> _WHAT NEEDS TO BE DONE_
When writing out the entries below, keep only the lines from the line with "Dīvāns ir izvelkams." to the line with "值得一提是的主樓八根香檳色鋁", both included, exactly as they are, and leave the pictures aside.

===== RECORDS FOR PROCESSING

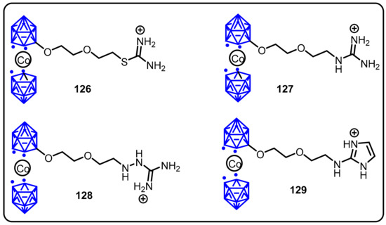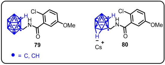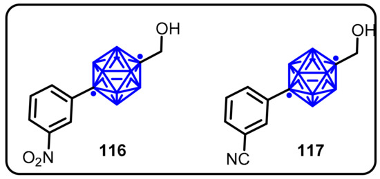 Carboranes are boron, carbon, and hydrogen-based pseudoaromatic polyhedral clusters. Theywere introduced into biological systems as pharmacores in 1961 by Soloway et al. [93,94,95,96]. Carboranes are used as a rich source of boron for Boron Neutron Capture Therapy (BNCT) [97]. Carboranes have been valuable bioisosteres for phenyl groups and adamantane because their size and lipophilicity are comparable, but their remarkable structures allow for novel drug development frontiers to be explored. Another important feature of carboranes inmedicinal chemistry is their ability to convert the neutral, lipophilic closocluster into the anionic, hydrophilic nido species in a single synthetic step. Carborane functionalizations via various synthetic methodologieshave been of significant interest in recent years, which can be attributed to their remarkable stability towards moisture and biological degradation, as well astheir low toxicity. More notably, they facilitate transport across the blood–brain barrier (BBB), which is a significant challenge for the development of drugs for the central nervous system (CNS).
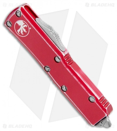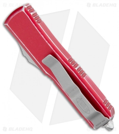 This UTX-85 model is equipped with a stonewashed, double-edged dagger blade. The 6061-T6 aluminum handle is distressed red anodized and outfitted with bead blast finished hardware, pocket clip, and glass breaker tip.
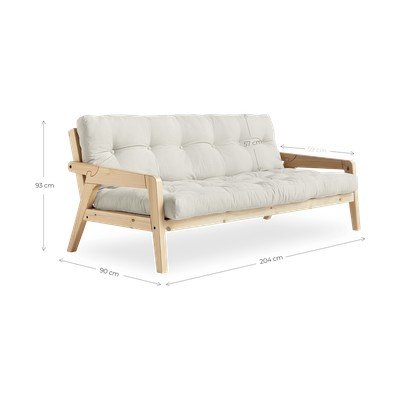 Dīvāns ir izvelkams. Dīvāna komplektācijā ir 130 x 190 cm futona matracis.
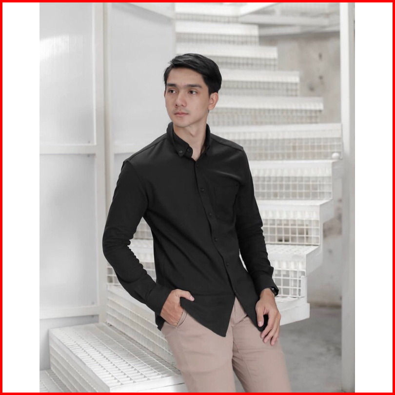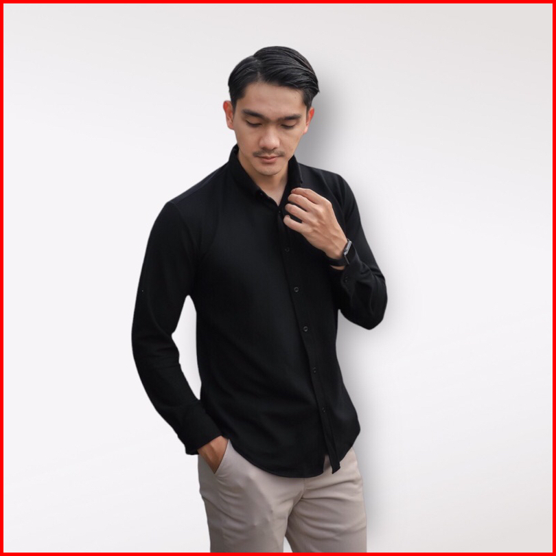 Aljosa Kemeja Pria Polos Hitam Lengan Panjang Kerja Kantor
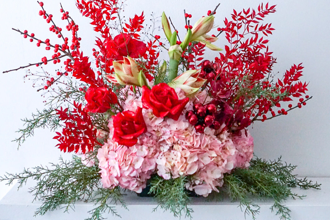 A stunning holiday arrangement blending deep red amaryllis, soft pink hydrangeas, festive ilex berries, Italian ruscus, and red ornaments. Designed to bring warmth and luxury to your holiday season.
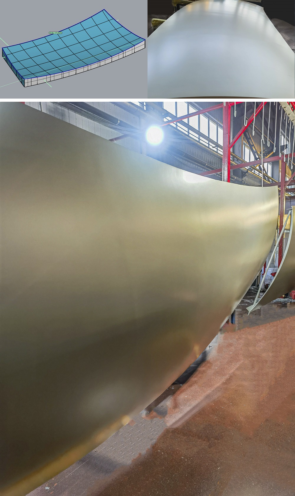 值得一提是的主樓八根香檳色鋁板巨型角柱,該工藝為鋁幕墻制造工藝中最復(fù)雜的雙曲,每根柱子由54個雙曲單體構(gòu)成,每個單體面積約8平方,雙曲面經(jīng)過工匠們精心打磨,才成就流暢的單元體線條。難度最大的是,所有拼成柱體的板件尺寸大多為特大1800*6000mm異型板,采用單元板式設(shè)計,每件板超寬、超長,單件板重達(dá)130kg,相當(dāng)于2個成年人的重量。每次鈑金、轉(zhuǎn)序、從噴涂隧道順利噴漆完成,都十分的小心,傾注雅泰所有操作者的心血。
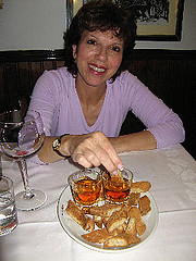 We ordered two of their flagship ZinBurgers (Manchego cheese, Zinfandel-braised onions, and mayo), but just to see if the kitchen would balk at a change in a standard menu item, one was ordered without mayo. No problem. So let’s get right down to it: this has to be one of the best burgers I’ve ever had. Cooked perfectly, according to my request of rare (with a nice caution from the waiter that it would come out with a warm pink center), incredibly juicy, fabulous onions, and delicious Spanish Manchego (a nice change from the usual cheese offerings). The burger is served on a light Brioche bun and is fairly priced at $10.

==========

> _ANSWER SECTION_
 Dīvāns ir izvelkams. Dīvāna komplektācijā ir 130 x 190 cm futona matracis.
 Aljosa Kemeja Pria Polos Hitam Lengan Panjang Kerja Kantor
 A stunning holiday arrangement blending deep red amaryllis, soft pink hydrangeas, festive ilex berries, Italian ruscus, and red ornaments. Designed to bring warmth and luxury to your holiday season.
 值得一提是的主樓八根香檳色鋁板巨型角柱,該工藝為鋁幕墻制造工藝中最復(fù)雜的雙曲,每根柱子由54個雙曲單體構(gòu)成,每個單體面積約8平方,雙曲面經(jīng)過工匠們精心打磨,才成就流暢的單元體線條。難度最大的是,所有拼成柱體的板件尺寸大多為特大1800*6000mm異型板,采用單元板式設(shè)計,每件板超寬、超長,單件板重達(dá)130kg,相當(dāng)于2個成年人的重量。每次鈑金、轉(zhuǎn)序、從噴涂隧道順利噴漆完成,都十分的小心,傾注雅泰所有操作者的心血。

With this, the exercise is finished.